529 College Savings

529 Lesson Plan: High Scores for 529 College Savings Program

Looking for a tax-advantaged college savings plan that has no age restrictions and no income phaseout limits — and one you can use to pay for more than just tuition?

Consider the 529 college savings plan, an increasingly popular way to save for higher-education expenses, which have more than tripled over the past two decades — with annual costs (for tuition and fees, and room and board) of more than $48,510 per year for the average private four-year college.1 Named after the section of the tax code that authorized them, 529 plans (also known as qualified tuition plans) are now offered in almost every state.

Most people have heard about the original form of 529, the state-operated prepaid tuition plan, which allows you to purchase units of future tuition at today's rates, with the plan assuming the responsibility of investing the funds to keep pace with inflation. Many state governments guarantee that the cost of an equal number of units of education in the sponsoring state will be covered, regardless of investment performance or the rate of tuition increase. Of course, each state plan has a different mix of rules and restrictions. Prepaid tuition programs typically will pay future college tuition at any of the sponsoring state's eligible colleges and universities (and some will pay an equal amount to private and out-of-state institutions).

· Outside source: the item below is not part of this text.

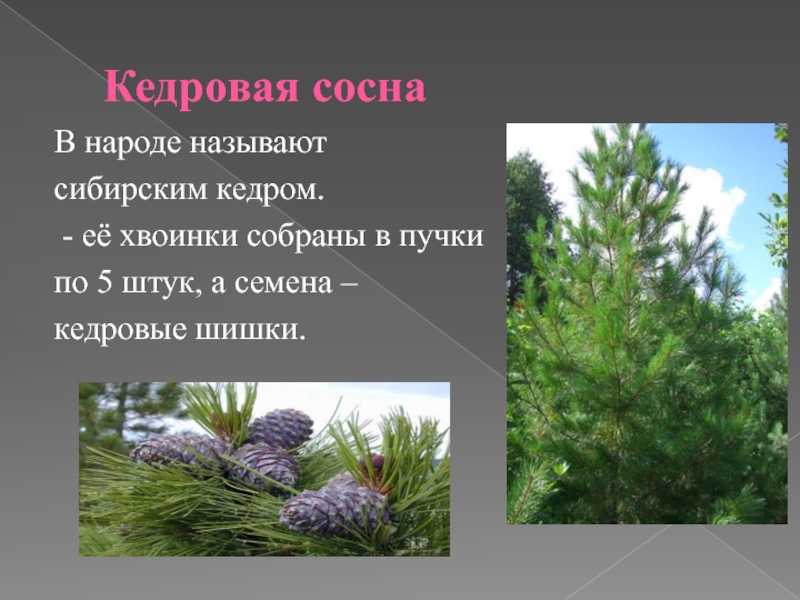 Кедровая соснаВ народе называют сибирским кедром. - её хвоинки собраны в пучкипо 5 штук, а семена

The other type of 529 is the savings plan. It's similar to an investment account, but the funds accumulate tax deferred. Withdrawals from state-sponsored 529 plans are free of federal income tax as long as they are used for qualified college expenses. Many states also exempt withdrawals from state income tax for qualified higher education expenses. Unlike the case with prepaid tuition plans, contributions can be used for all qualified higher-education expenses (tuition, fees, books, equipment and supplies, room and board), and the funds usually can be used at all accredited post-secondary schools in the United States. The risk with these plans is that investments may lose money or may not perform well enough to cover college costs as anticipated.